__TASK TO CARRY OUT__. Pictures stay out of the output. Return exactly the lines below from the one with "とうもろこしの たねを うえてみました。" down to the one with "水分測定:SRM 3255 的水分含量在", both included, and nothing more.
(ENTRIES PROVIDED Opens)
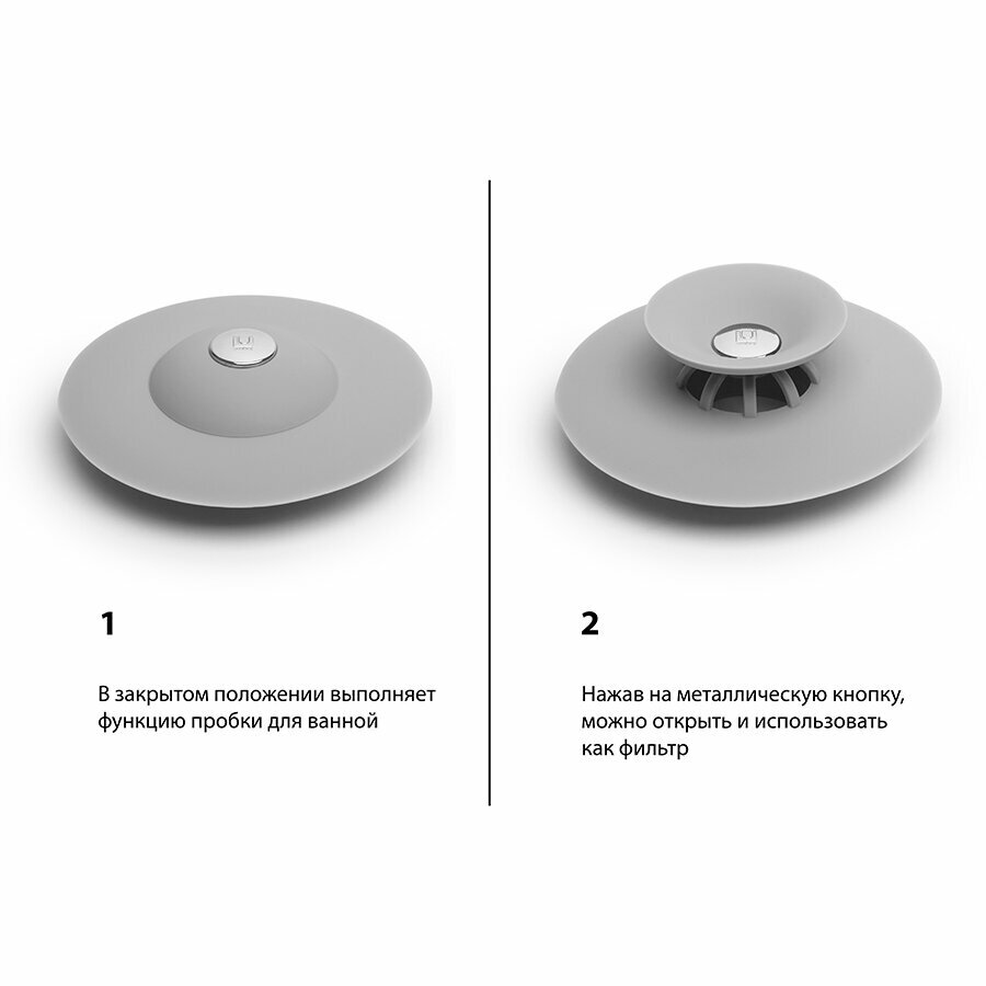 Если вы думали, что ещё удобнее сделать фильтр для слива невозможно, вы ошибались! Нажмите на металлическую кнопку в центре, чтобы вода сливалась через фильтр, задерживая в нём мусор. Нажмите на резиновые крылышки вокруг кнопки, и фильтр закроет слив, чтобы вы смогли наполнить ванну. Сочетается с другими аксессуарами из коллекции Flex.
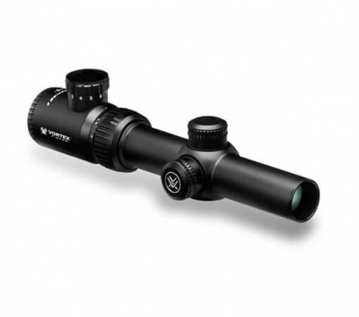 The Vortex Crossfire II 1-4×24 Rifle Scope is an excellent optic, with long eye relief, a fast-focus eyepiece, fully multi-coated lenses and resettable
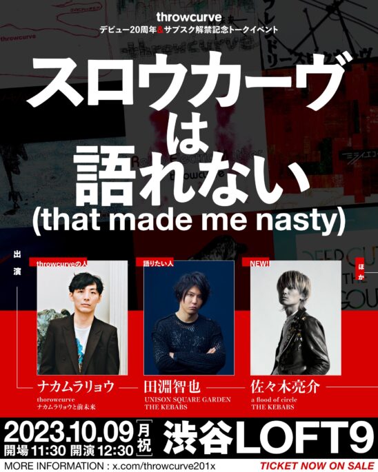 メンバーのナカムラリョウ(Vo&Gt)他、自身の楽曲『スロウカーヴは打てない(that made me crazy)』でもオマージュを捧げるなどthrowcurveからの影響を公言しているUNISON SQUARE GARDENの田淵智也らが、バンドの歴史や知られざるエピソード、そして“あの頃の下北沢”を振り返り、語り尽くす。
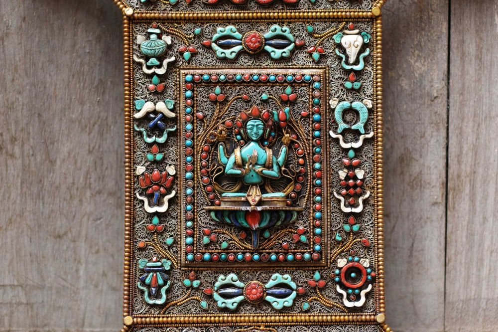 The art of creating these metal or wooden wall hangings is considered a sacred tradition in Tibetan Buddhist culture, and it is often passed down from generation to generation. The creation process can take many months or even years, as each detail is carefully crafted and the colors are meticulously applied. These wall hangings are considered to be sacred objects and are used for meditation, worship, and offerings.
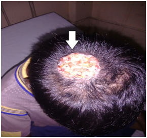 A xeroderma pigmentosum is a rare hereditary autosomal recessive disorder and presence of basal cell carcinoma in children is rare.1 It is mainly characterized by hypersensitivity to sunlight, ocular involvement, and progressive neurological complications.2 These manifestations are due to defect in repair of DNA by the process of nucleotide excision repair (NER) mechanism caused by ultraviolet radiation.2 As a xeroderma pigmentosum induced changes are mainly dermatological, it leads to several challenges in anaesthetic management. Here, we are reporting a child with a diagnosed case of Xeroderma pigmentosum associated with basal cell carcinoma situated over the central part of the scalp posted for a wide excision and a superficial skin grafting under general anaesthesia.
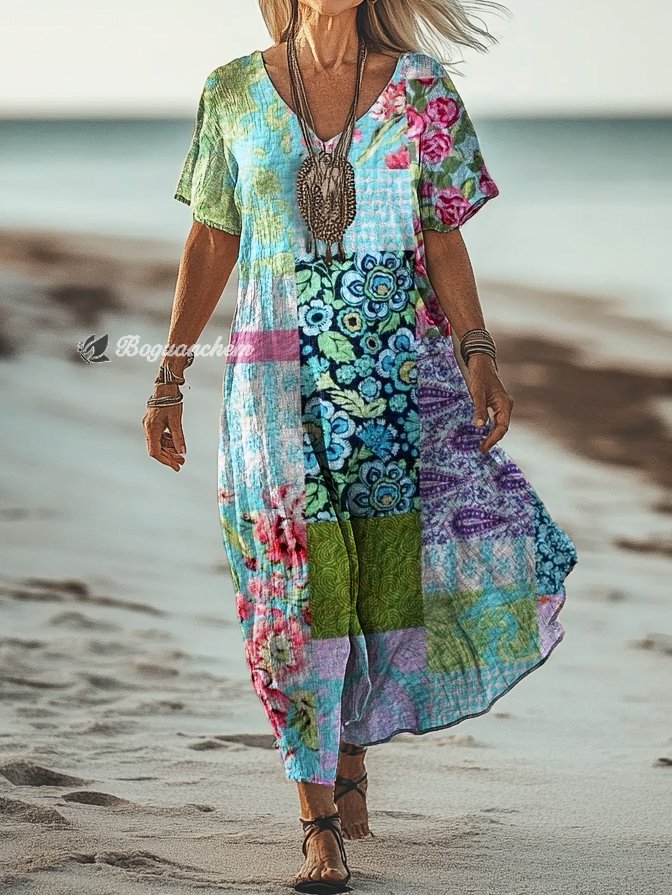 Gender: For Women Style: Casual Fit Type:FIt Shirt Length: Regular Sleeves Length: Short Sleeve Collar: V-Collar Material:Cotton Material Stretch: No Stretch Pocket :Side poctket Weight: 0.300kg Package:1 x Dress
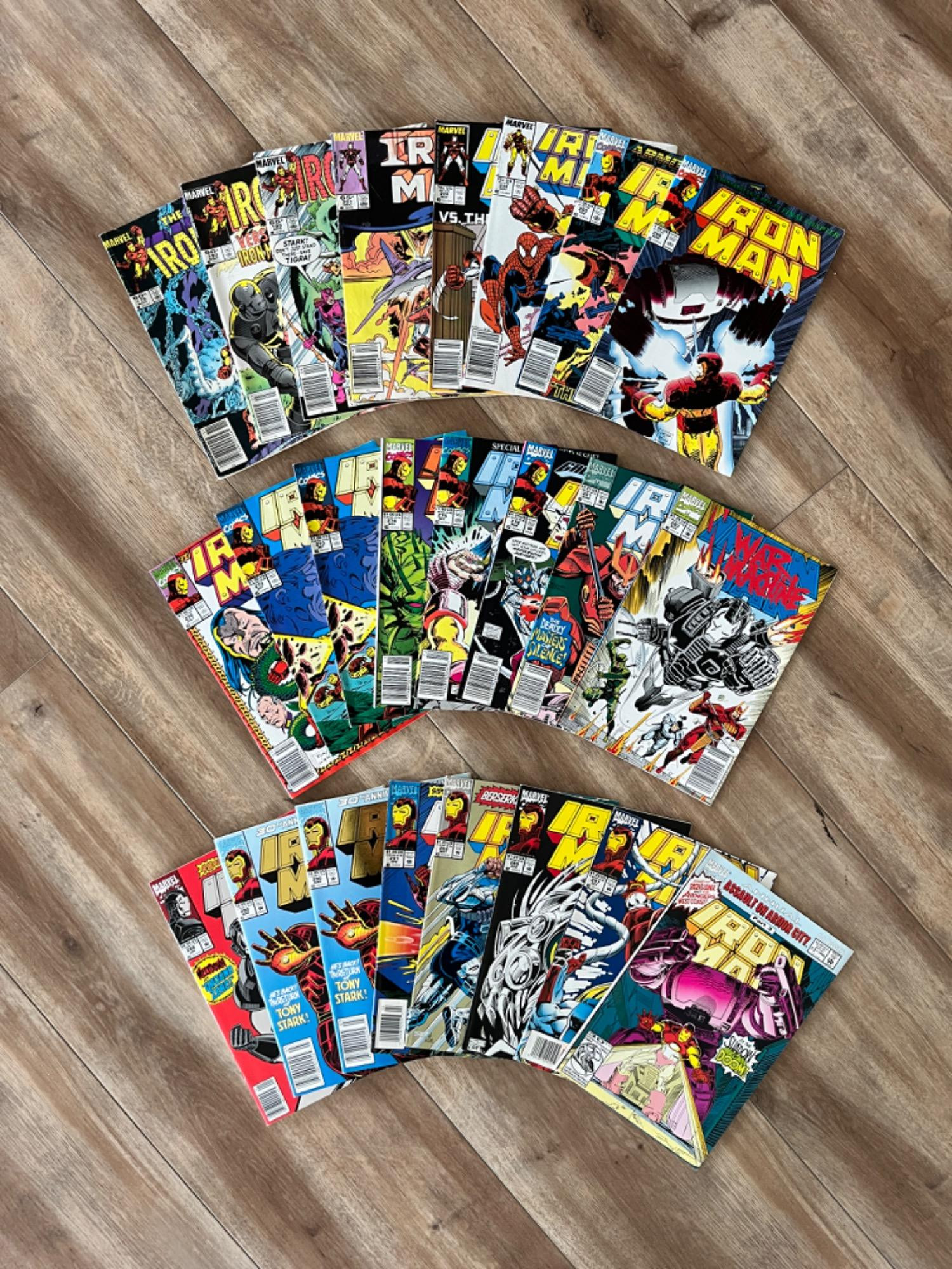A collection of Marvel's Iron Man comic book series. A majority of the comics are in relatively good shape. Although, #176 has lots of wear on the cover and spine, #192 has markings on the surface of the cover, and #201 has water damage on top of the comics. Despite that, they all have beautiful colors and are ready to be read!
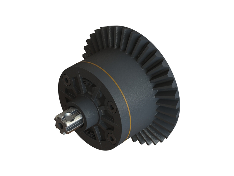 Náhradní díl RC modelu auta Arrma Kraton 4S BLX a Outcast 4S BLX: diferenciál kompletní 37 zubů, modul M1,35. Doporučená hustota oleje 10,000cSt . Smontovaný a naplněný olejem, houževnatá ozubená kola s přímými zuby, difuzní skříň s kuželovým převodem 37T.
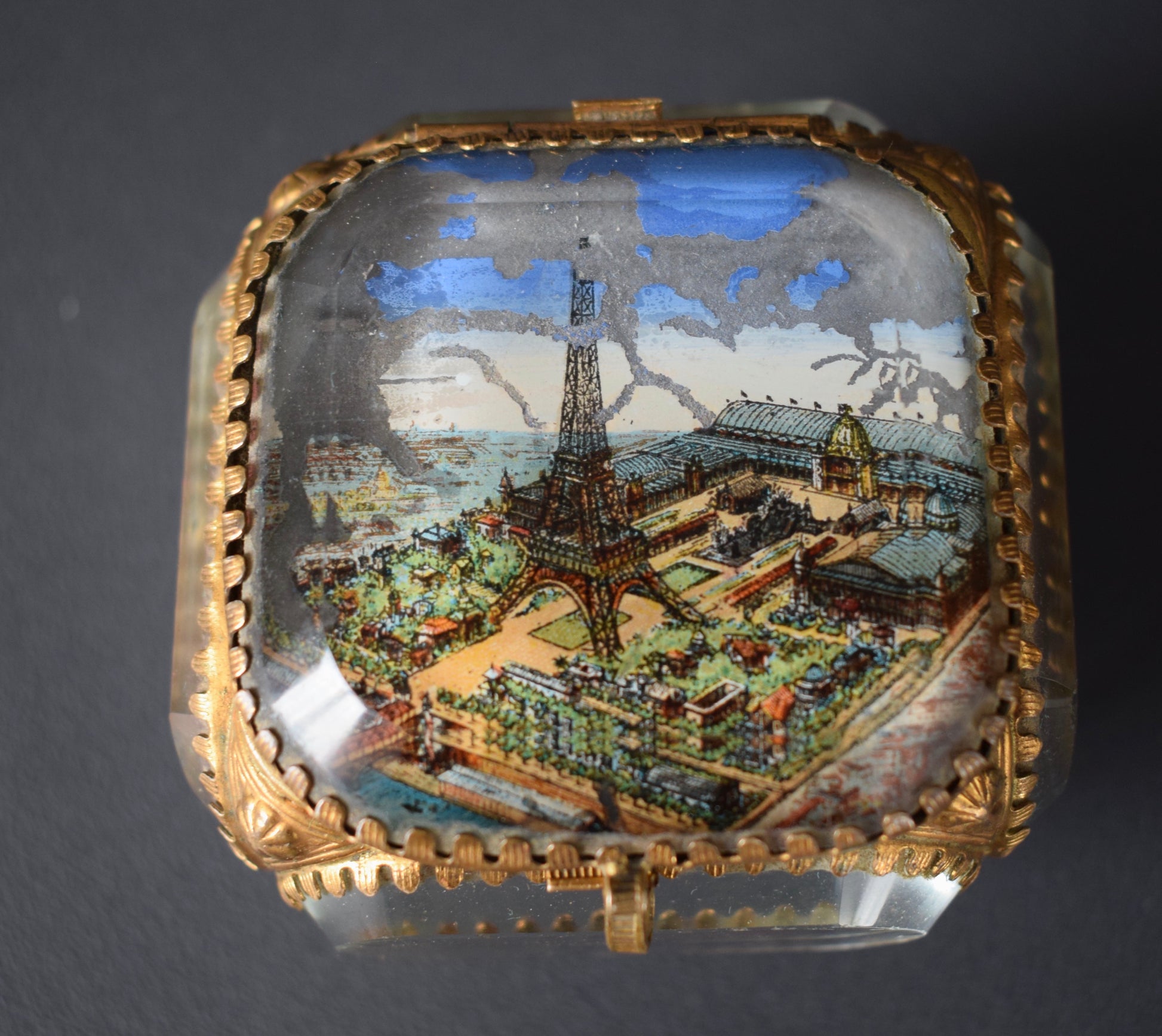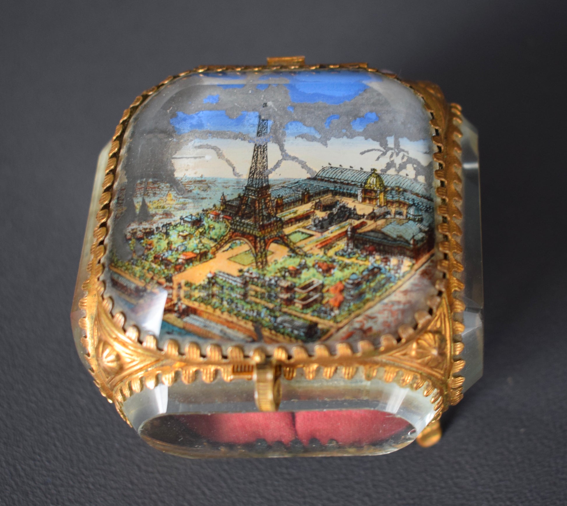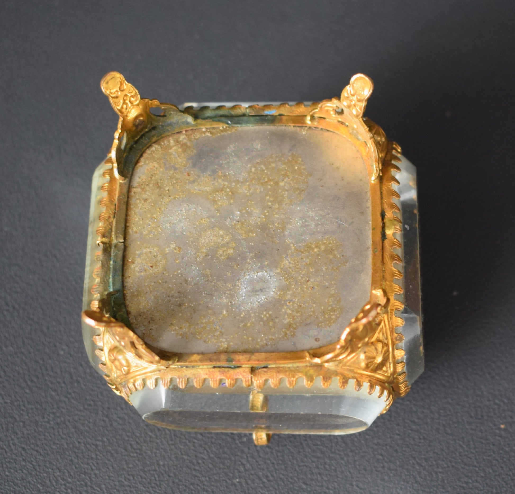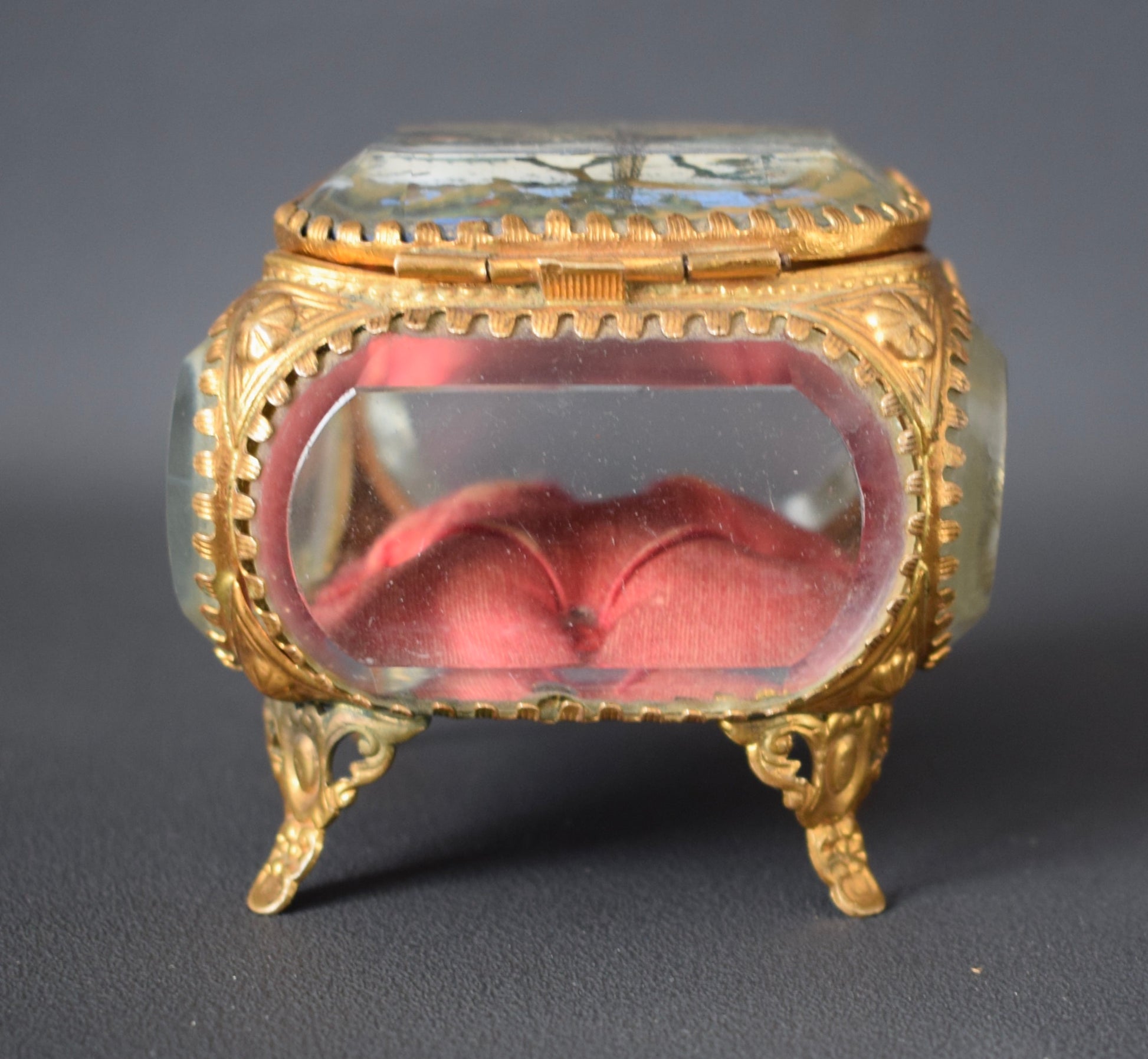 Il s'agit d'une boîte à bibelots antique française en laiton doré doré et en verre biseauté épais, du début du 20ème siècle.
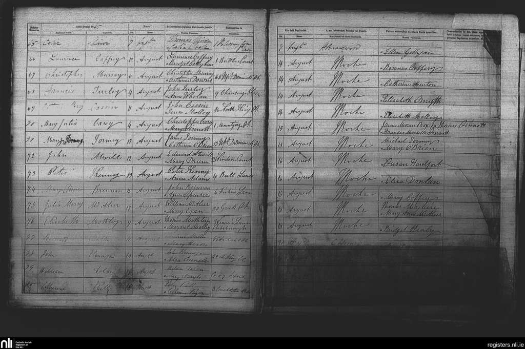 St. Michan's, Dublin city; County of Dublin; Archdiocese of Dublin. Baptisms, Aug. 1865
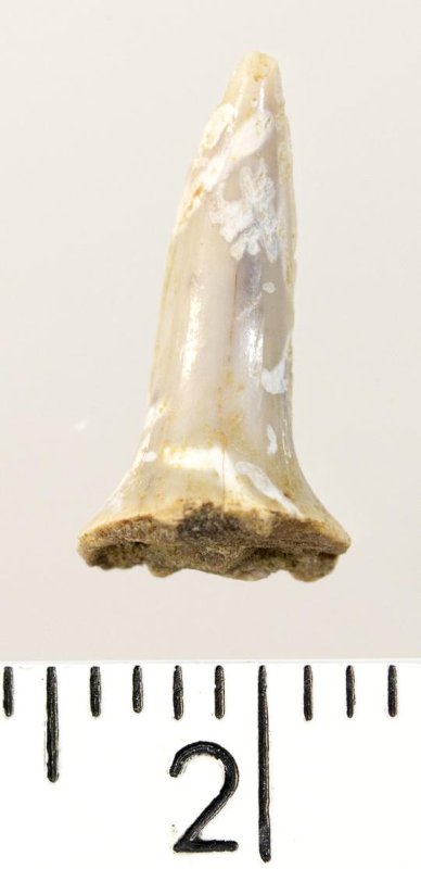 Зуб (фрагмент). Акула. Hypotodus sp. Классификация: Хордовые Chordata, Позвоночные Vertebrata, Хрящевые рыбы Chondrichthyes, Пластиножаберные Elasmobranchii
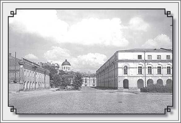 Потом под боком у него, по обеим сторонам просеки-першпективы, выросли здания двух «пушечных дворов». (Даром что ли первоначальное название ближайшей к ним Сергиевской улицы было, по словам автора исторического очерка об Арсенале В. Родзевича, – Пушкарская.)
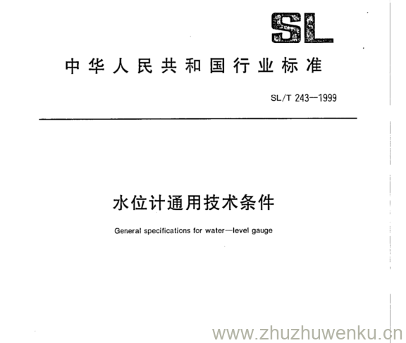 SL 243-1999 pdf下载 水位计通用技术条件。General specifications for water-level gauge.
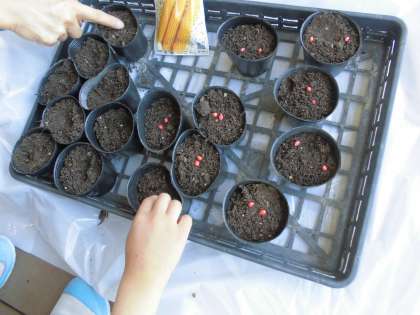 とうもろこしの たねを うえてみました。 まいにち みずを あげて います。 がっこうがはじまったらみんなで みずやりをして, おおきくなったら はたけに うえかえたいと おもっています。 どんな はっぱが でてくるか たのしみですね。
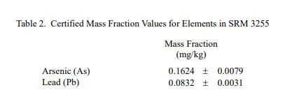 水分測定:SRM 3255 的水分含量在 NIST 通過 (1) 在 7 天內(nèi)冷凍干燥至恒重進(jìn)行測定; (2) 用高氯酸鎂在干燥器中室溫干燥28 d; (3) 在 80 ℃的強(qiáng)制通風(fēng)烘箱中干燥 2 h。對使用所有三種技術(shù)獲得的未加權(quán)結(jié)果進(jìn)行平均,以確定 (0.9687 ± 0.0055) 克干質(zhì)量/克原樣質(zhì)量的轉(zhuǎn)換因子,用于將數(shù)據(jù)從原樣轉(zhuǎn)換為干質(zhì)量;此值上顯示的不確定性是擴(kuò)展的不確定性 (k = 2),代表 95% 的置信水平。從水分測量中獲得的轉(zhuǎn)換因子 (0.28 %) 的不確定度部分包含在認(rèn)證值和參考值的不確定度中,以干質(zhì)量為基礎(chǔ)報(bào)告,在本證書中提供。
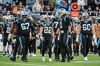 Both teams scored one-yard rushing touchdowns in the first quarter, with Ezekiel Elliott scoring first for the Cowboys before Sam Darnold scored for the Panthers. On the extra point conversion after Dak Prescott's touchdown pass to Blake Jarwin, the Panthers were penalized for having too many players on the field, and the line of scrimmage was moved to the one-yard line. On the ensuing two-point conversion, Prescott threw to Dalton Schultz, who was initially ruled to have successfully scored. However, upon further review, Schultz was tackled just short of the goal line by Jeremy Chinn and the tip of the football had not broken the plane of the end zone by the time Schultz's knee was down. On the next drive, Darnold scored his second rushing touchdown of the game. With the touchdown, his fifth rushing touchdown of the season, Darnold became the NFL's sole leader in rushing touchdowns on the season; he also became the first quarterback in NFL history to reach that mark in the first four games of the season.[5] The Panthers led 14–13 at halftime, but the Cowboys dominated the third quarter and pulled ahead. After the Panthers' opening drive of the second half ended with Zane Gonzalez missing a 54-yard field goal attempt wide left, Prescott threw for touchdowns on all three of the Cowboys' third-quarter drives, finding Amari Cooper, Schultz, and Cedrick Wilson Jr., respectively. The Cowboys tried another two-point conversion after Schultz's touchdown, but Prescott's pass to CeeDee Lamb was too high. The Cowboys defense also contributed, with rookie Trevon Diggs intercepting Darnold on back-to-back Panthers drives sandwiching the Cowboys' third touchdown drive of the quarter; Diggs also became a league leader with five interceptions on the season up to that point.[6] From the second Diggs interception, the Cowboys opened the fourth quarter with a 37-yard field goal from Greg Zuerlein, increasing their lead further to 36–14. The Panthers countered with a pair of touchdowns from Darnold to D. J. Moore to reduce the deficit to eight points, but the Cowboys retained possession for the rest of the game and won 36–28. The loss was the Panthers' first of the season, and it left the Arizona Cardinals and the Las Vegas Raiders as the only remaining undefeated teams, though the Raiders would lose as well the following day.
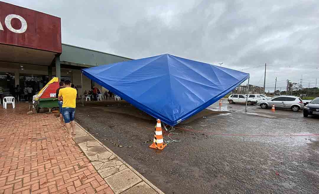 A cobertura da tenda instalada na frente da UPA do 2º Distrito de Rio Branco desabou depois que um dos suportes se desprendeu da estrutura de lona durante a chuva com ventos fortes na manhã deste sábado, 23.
(ENTRIES PROVIDED Closes)
__THE ANSWER__.
 とうもろこしの たねを うえてみました。 まいにち みずを あげて います。 がっこうがはじまったらみんなで みずやりをして, おおきくなったら はたけに うえかえたいと おもっています。 どんな はっぱが でてくるか たのしみですね。
 水分測定:SRM 3255 的水分含量在 NIST 通過 (1) 在 7 天內(nèi)冷凍干燥至恒重進(jìn)行測定; (2) 用高氯酸鎂在干燥器中室溫干燥28 d; (3) 在 80 ℃的強(qiáng)制通風(fēng)烘箱中干燥 2 h。對使用所有三種技術(shù)獲得的未加權(quán)結(jié)果進(jìn)行平均,以確定 (0.9687 ± 0.0055) 克干質(zhì)量/克原樣質(zhì)量的轉(zhuǎn)換因子,用于將數(shù)據(jù)從原樣轉(zhuǎn)換為干質(zhì)量;此值上顯示的不確定性是擴(kuò)展的不確定性 (k = 2),代表 95% 的置信水平。從水分測量中獲得的轉(zhuǎn)換因子 (0.28 %) 的不確定度部分包含在認(rèn)證值和參考值的不確定度中,以干質(zhì)量為基礎(chǔ)報(bào)告,在本證書中提供。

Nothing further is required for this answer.